Resembling a Goth Willy Wonka, Aldous - who once topped the charts with his album Infant Sorrow - releases a new album, African Child. Promptly it is denounced as the worst thing to hit that continent since apartheid. After the bad reviews and the breakup with his Spice Girl-type wife, Jackie Q (Rose Byrne), Aldous hits the skids and the bottle.
Back in Los Angeles, music-industry executive Sergio Roma (P. Diddy, unexpectedly funny) is about to cut Aldous loose. Then Aaron (Hill), a puppyish junior exec at the label, suggests mounting a comeback concert on the 10th anniversary of Aldous' celebrated live show.
Now all they have to do is get Aldous, who drinks his weight in beer every morning and consumes heroin like cornflakes, from London to Los Angeles' Greek Theatre for the gig. Hence the film's title.
Director Nicholas Stoller (who likewise helmed Sarah Marshall and is a charter member of the Judd Apatow fraternity) ticks off the differences of this mismatched duo for Laurel-and-Hardy comic effect.
Aldous is lean as a string bean; Aaron round as a doughnut. Aldous is a loose cannon; Aaron is firmly anchored. Aldous has no emotional ties; Aaron has a live-in girlfriend (Elisabeth Moss, a medical resident).
Predictably, this study in excess and moderation crashes like particles in a comic Supercollider over their 72-hour power struggle, set in the self-contained universe of NBC/Universal. (Many of the film's pivotal scenes cross-promote the corporate brands. After a wild plane ride from London, Aaron gets Aldous to NBC's The Today Show, where a baffled Meredith Vieira surveys the damaged duo. Monitoring his star and assistant by cell, Sergio watches NBC's The Biggest Loser. The Greek Theatre itself is a venue owned and operated by Universal Studios.)
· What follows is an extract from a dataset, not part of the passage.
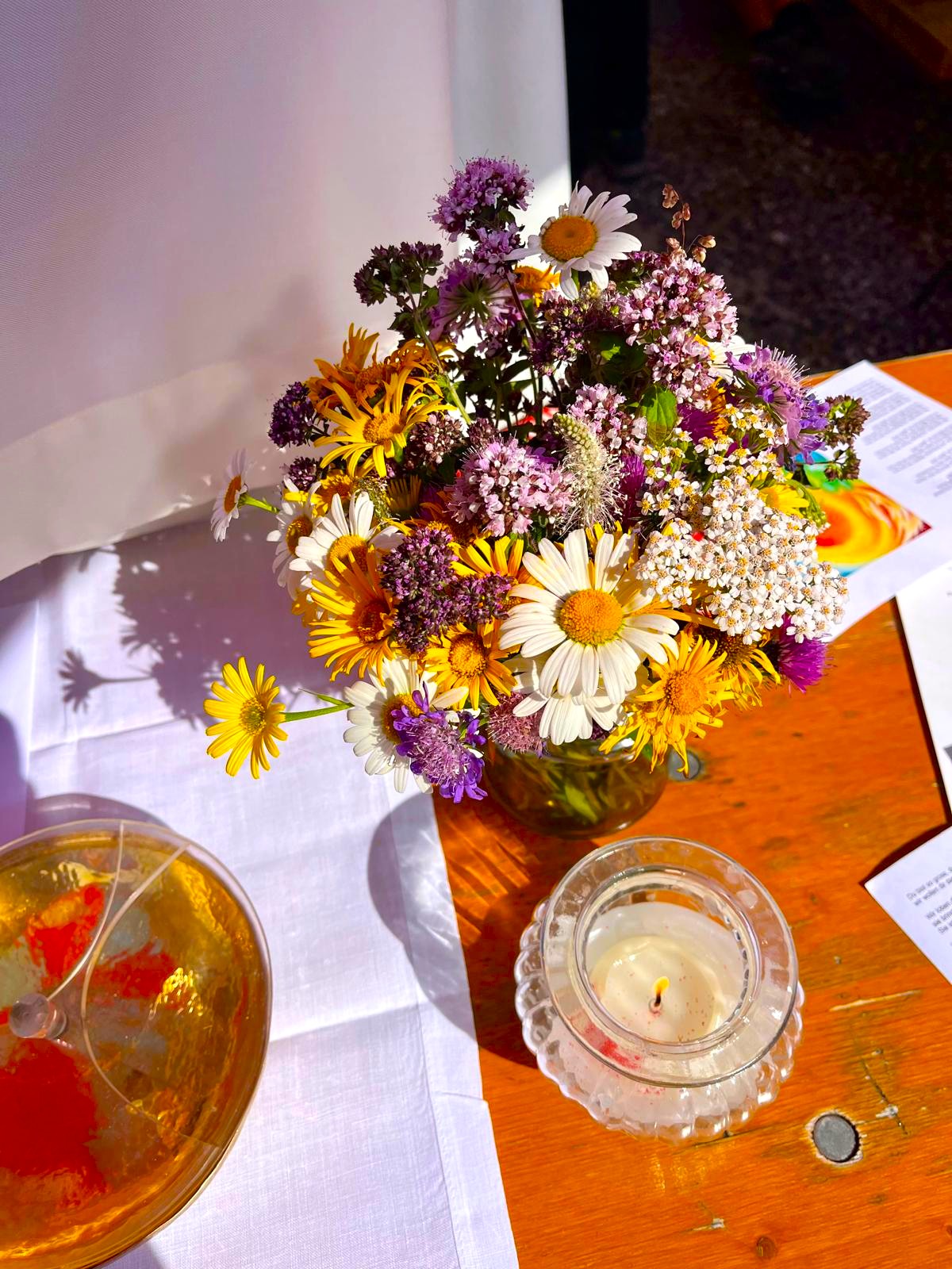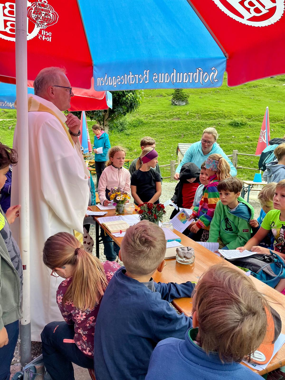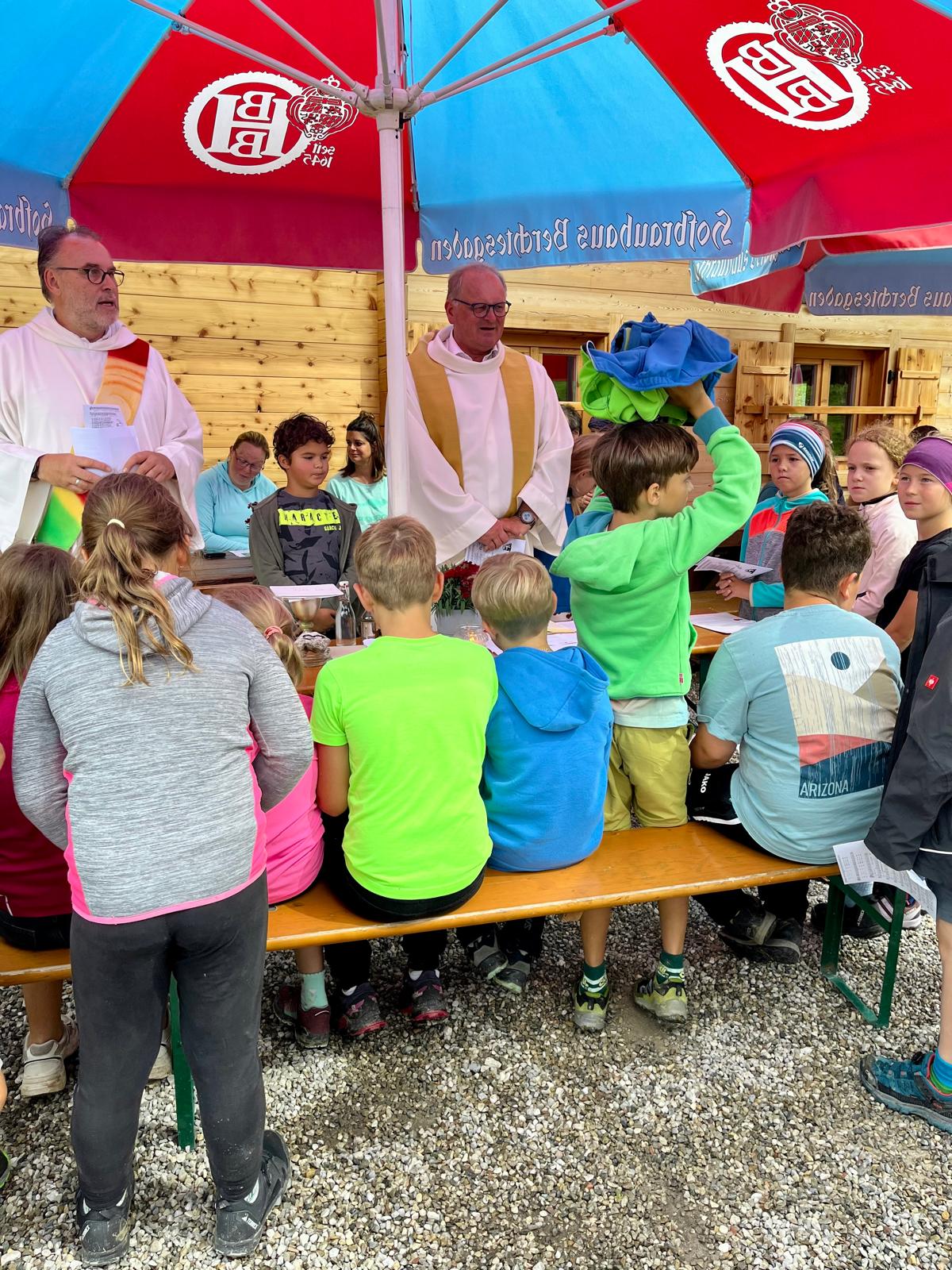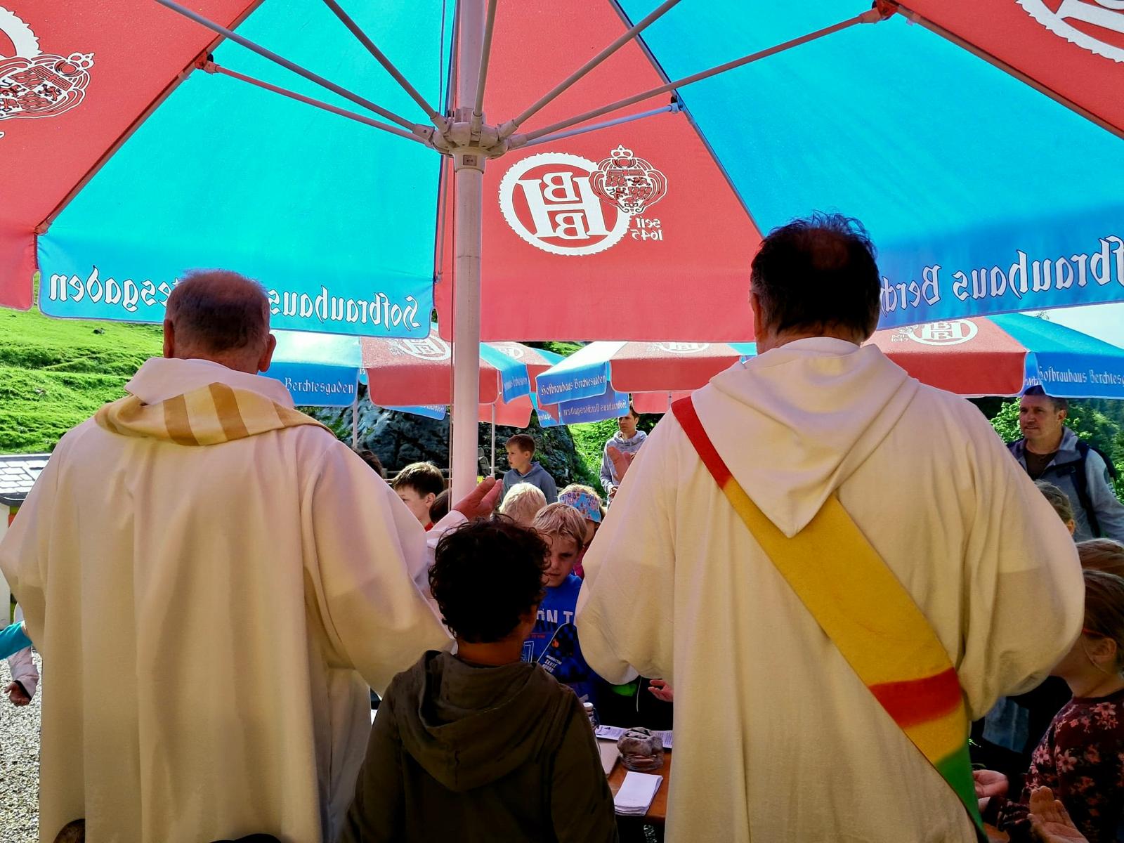 Nachdem sich alle um Pfarrer Thomas Frauenlob und Diakon Michael König zum Gottesdienst versammelt hatten, die Kinder den Altar mit einem Almblumenstrauß und Kerzen geschmückt hatten, kam ein kurzer Regenschauer.

Except for a sequence in Las Vegas involving a wall upholstered with fur, the scenes between Aldous and Aaron are never as funny as those between the men and their women. Delicate as she is prickly, Byrne's Jackie works her English-rose beauty to entice and punish Aldous. And as Daphne, Moss (best known from Mad Men), so self-possessed with Aaron, is comically flustered in the face of Aldous' debauched logic, delivered in his irresistible singsong.
Great? No. Great fun? Oh, yes. Like Sergio and Aldous, this movie messes with your mind, then tickles it.